Deputy Mayor of Boston
- In office 1957–1960
- Preceded by: John A. Breen
- Succeeded by: John P. McMorrow

Boston Traffic Commissioner
- In office 1950–1957
- Preceded by: Leo Curley
- Succeeded by: Joe O'Connor

Boston Fire Commissioner
- In office 1938–1945
- Preceded by: Edward F. McLaughlin
- Succeeded by: John I. Fitzgerald

Personal details
- Born: March 6, 1903 Roxbury
- Died: April 3, 1969 (aged 66) Dorchester
- Party: Democratic

= William Arthur Reilly =

American politician (1903-1969)

William Arthur Reilly (March 6, 1903 – April 3, 1969) was an American political figure from Boston who served as the city's deputy mayor and fire commissioner and was member of the school committee and finance commission.

==Early life==
Reilly was born on March 6, 1903, in Roxbury. He attended High School of Commerce, where he started a friendship with Maurice J. Tobin. After two years, Reilly transferred to Boston College High School. He went on to attend Boston College, where he was president of his class for three years, played on the Boston College Eagles football team, and was a regional champion in the 45-yard hurdles. After graduating in 1925, Reilly became manager of his father's church music publishing business.

==Political career==
In 1929, Reilly was elected to the Boston school committee. At the age of 26 he was the youngest person elected to the board at that time. In 1931 he became chairman of the board. He was the youngest person to hold this position as well. In 1933, he ran for Mayor of Boston. On October 5, he announced that he was dropping out of the race, stating that "The present large number of strong candidates may permit the election of an inferior candidate". The nine candidate field included Frederick W. Mansfield, Malcolm E. Nichols, William J. Foley, Henry Parkman Jr., and Joseph F. O'Connell. Reilly chose not to back any candidate following his withdrawal from the election.
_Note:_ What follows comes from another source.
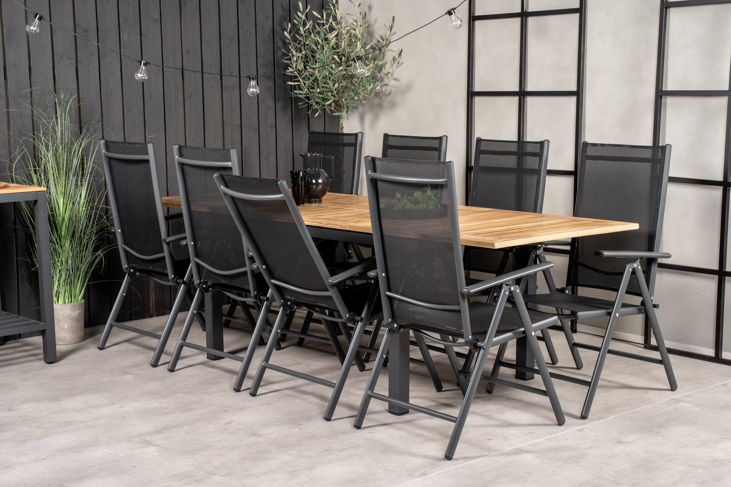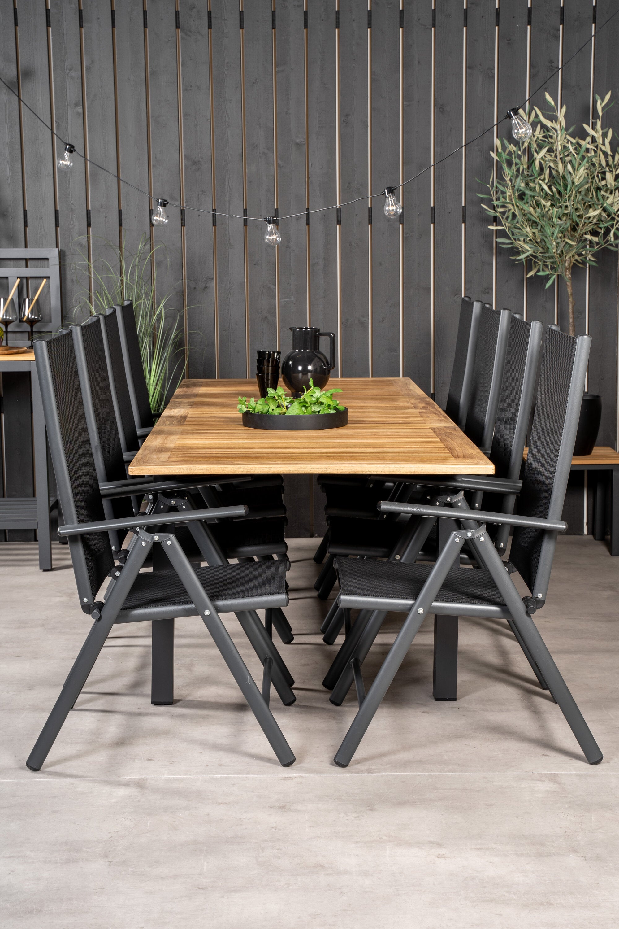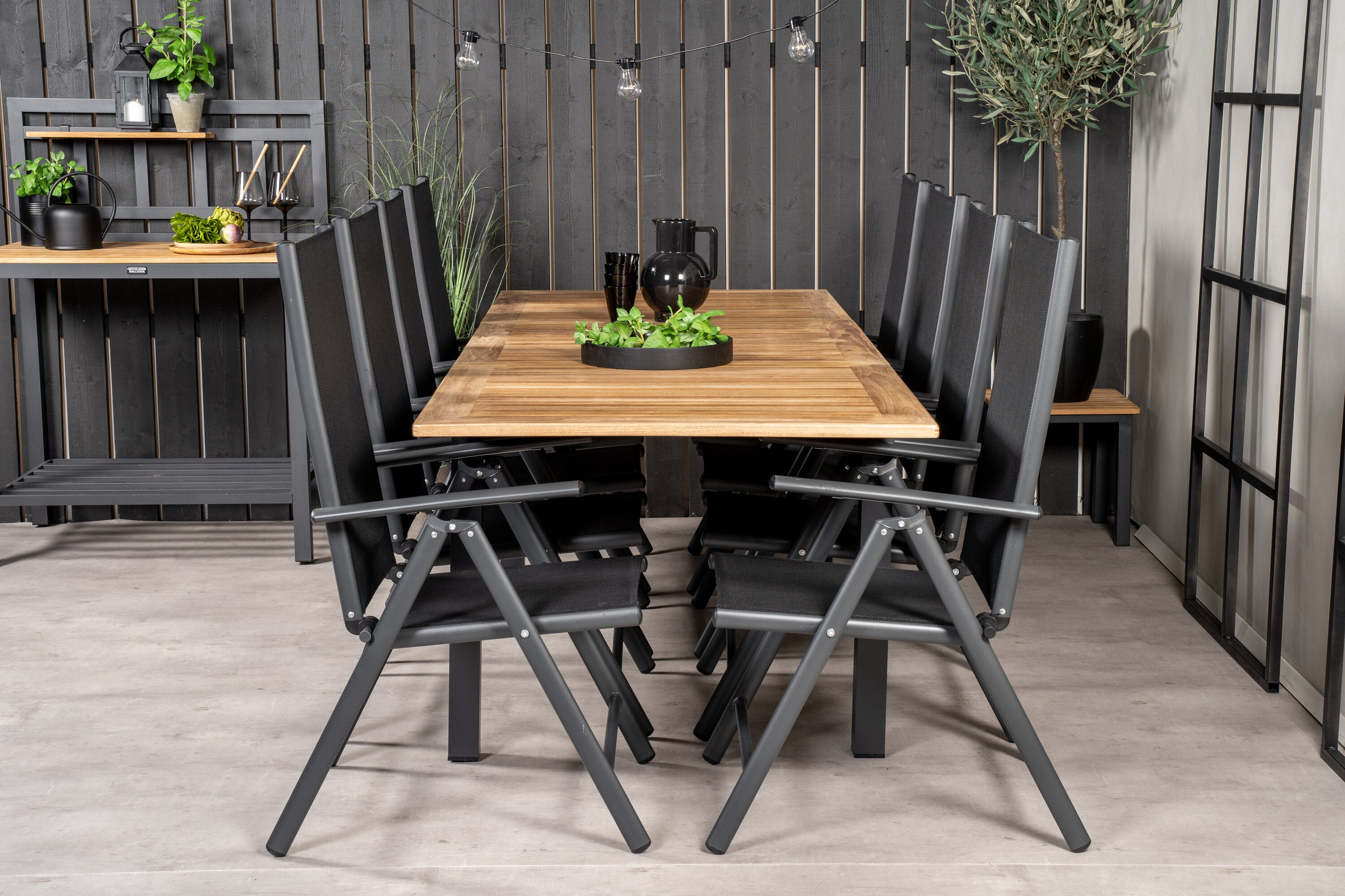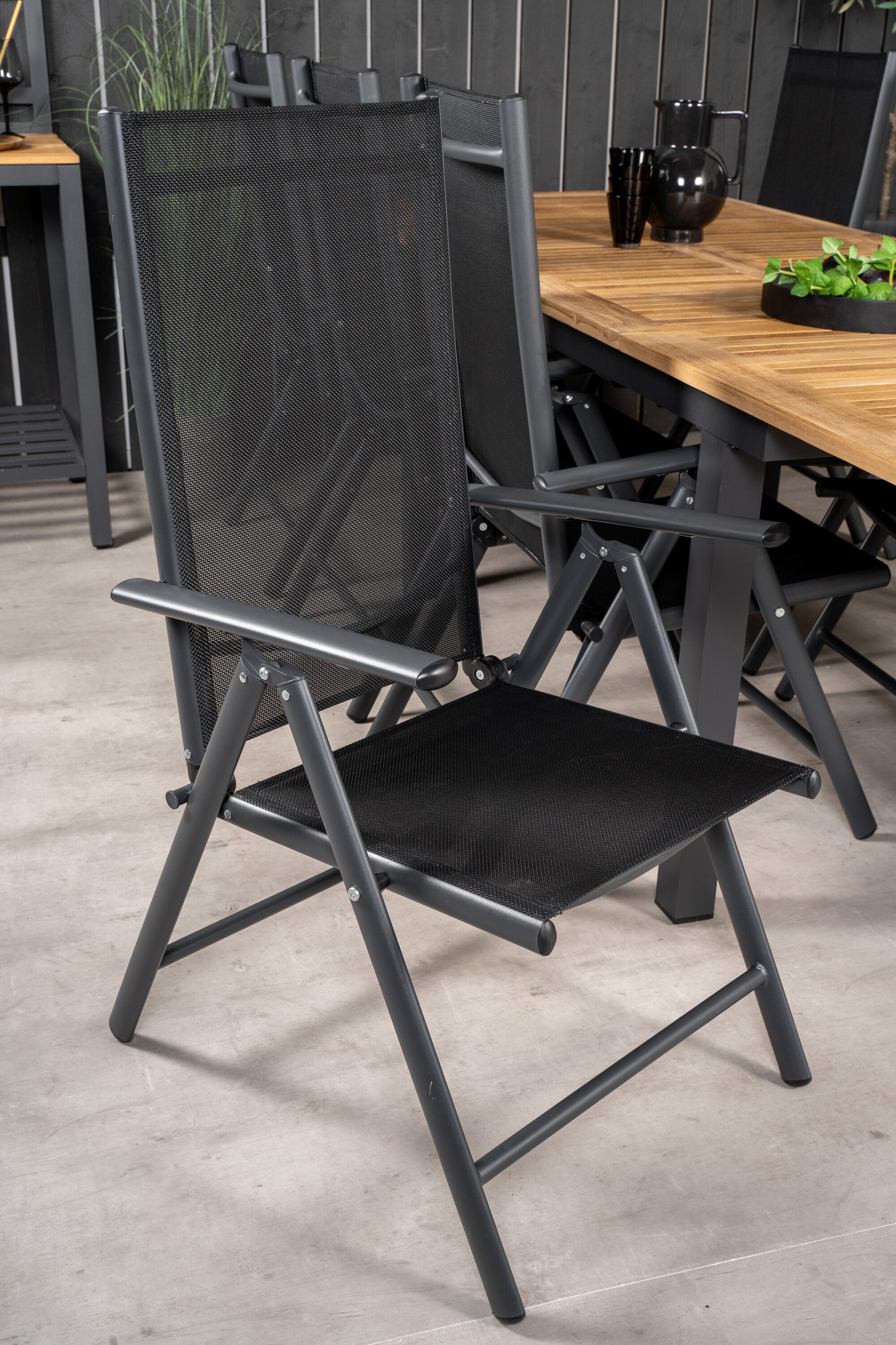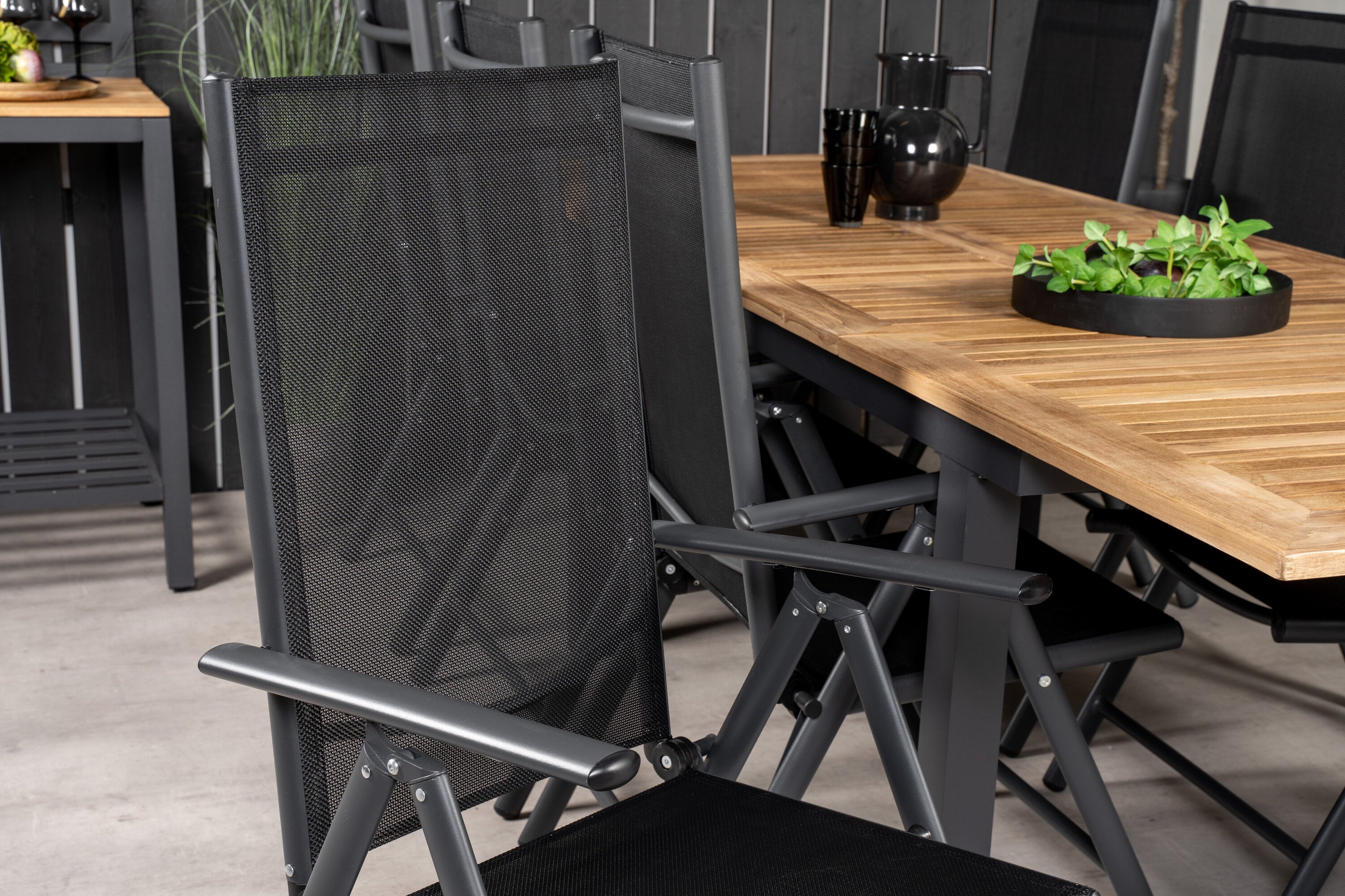 Jídelní stůl Panama 160/240*90 - Black Alu / Teak+Break 5:pos Židle - Black Alu / Black Textilene_8

In 1935, Reilly was appointed to the Boston Finance Commission. He resigned later that year. In 1937 he worked on the Mayoral campaign of Maurice J. Tobin. Following Tobin's election, Reilly was appointed fire commissioner. At 34, he was the youngest man to hold this office. During his tenure, the department fought and investigated the Cocoanut Grove fire - deadliest nightclub fire in history. In 1945, Tobin, now Governor of Massachusetts, nominated Reilly to be chairman of the Metropolitan District Commission. His appointment was blocked by Lieutenant Governor Robert F. Bradford and two Democratic members of the Massachusetts Governor's Council. In 1945, Reilly ran for Mayor of Boston. He finished in third place behind James Michael Curley and John E. Kerrigan with 19% of the vote.

In 1950, Mayor John B. Hynes appointed Reilly to the position of traffic commissioner. Hynes promoted him to deputy mayor and director of administrative services in 1957. Reilly retired from government when Hynes left office in 1960.

Reilly died on April 3, 1969, in Boston.